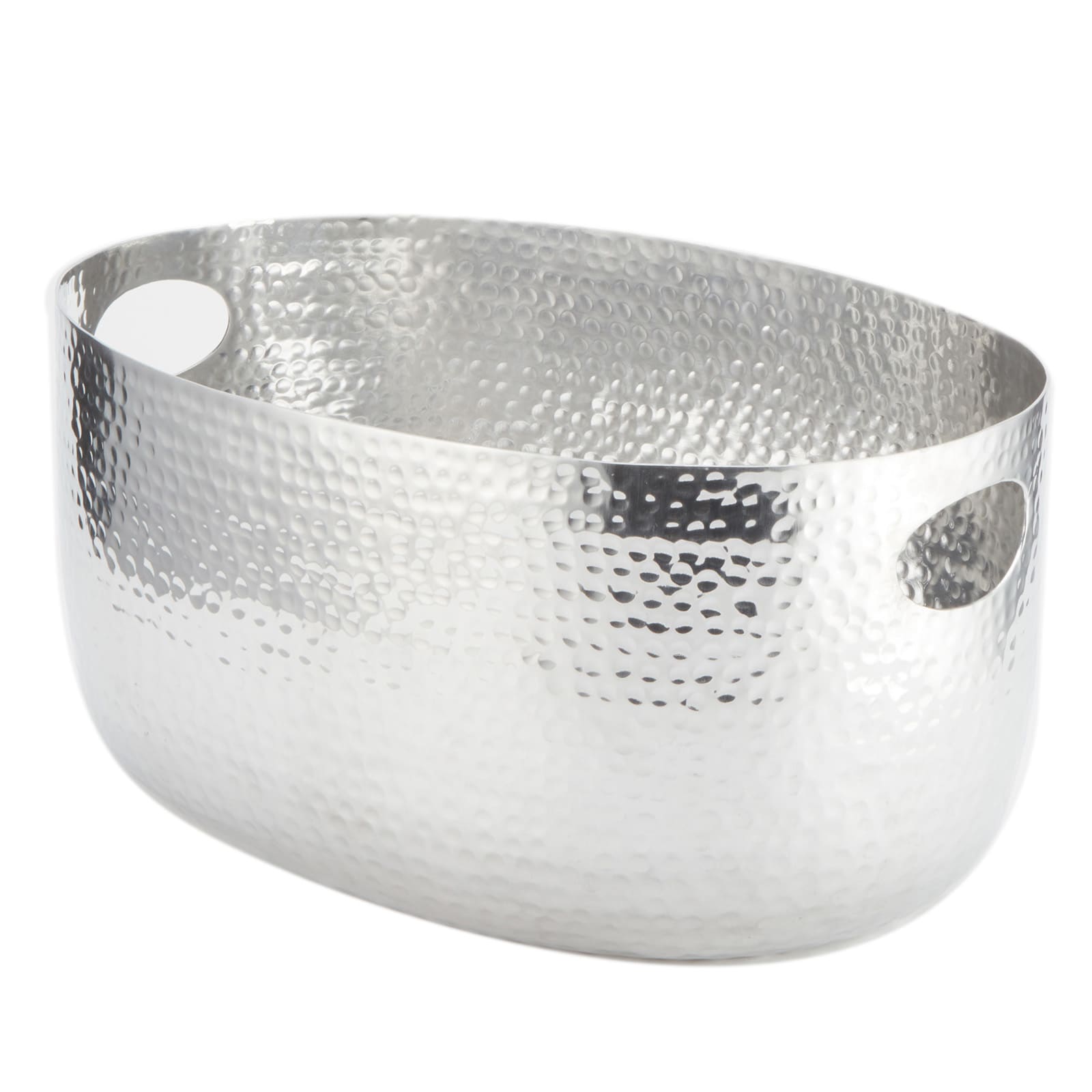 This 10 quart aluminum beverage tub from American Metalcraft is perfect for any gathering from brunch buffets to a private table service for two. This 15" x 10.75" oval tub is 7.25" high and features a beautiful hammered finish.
------
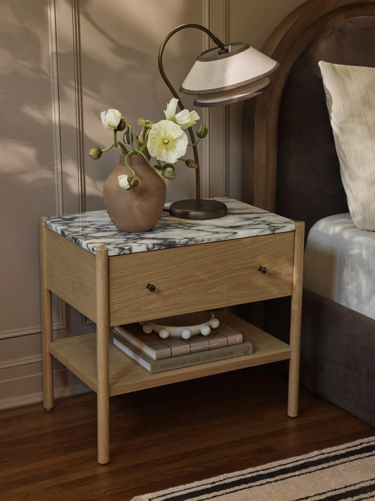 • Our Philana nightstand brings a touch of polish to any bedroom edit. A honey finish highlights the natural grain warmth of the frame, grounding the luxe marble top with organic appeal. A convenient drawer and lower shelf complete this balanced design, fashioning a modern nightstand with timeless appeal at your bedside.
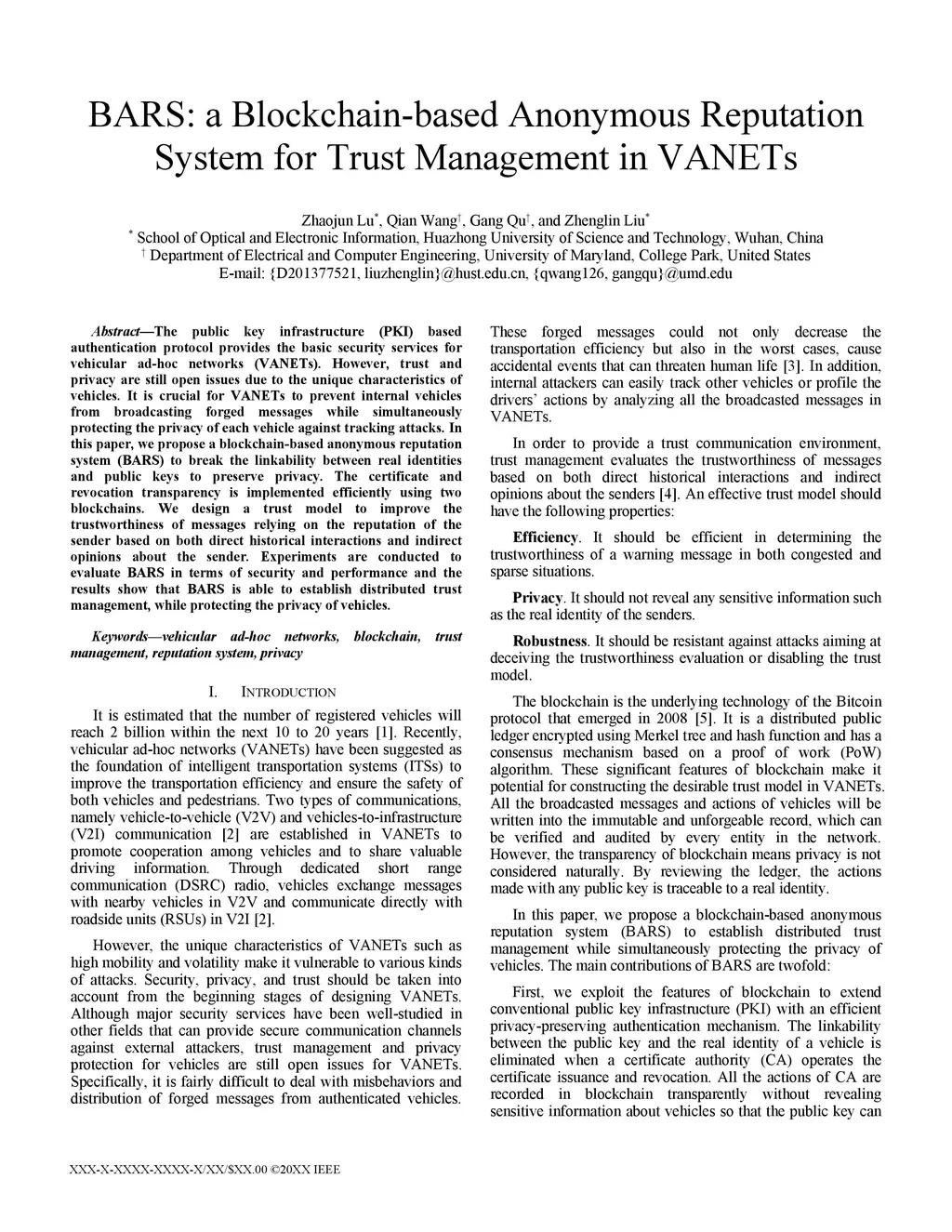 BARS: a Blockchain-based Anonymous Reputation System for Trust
------
Leaving every picture aside, reproduce exactly the lines above from the one with "at your bedside." up to and including the one with "BARS: a Blockchain-based", and no others.

Written answer:
 • Our Philana nightstand brings a touch of polish to any bedroom edit. A honey finish highlights the natural grain warmth of the frame, grounding the luxe marble top with organic appeal. A convenient drawer and lower shelf complete this balanced design, fashioning a modern nightstand with timeless appeal at your bedside.
 BARS: a Blockchain-based Anonymous Reputation System for Trust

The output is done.